* _What is expected_
Transcribe the listing below exactly, from its first line through the line with "Man in blue". Omit the pictures.

* _Collected data_

________________________

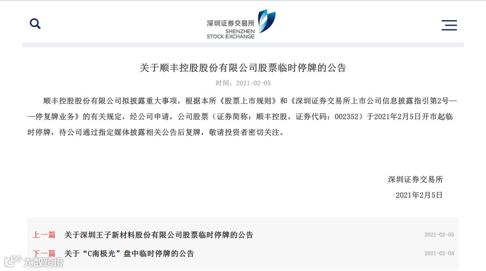 导读:顺丰控股拟披露重大事项临时停牌,背后的原因曝光
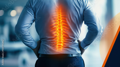 Man in blue shirt experiencing glowing red pain in his lower back with highlighted spine showing discomfort and injury
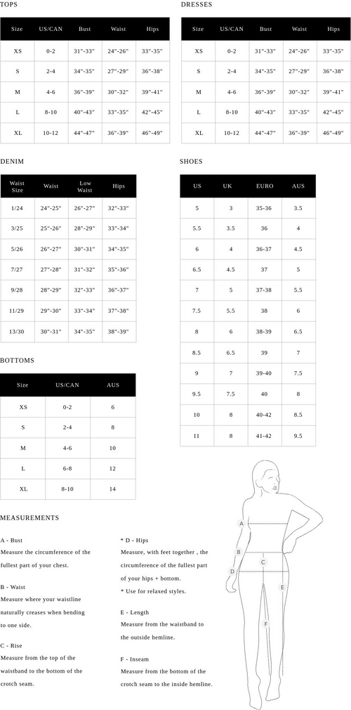 Our size guide to discover your perfect fit across our styles—think of it as your personal fitting room guide to ensure your ensemble is tailored to your silhouette. Each piece in our curated collection boasts its unique character, which means the fit might vary just as beautifully as the styles themselves.

________________________

* _Finished exercise_
 导读:顺丰控股拟披露重大事项临时停牌,背后的原因曝光
 Man in blue shirt experiencing glowing red pain in his lower back with highlighted spine showing discomfort and injury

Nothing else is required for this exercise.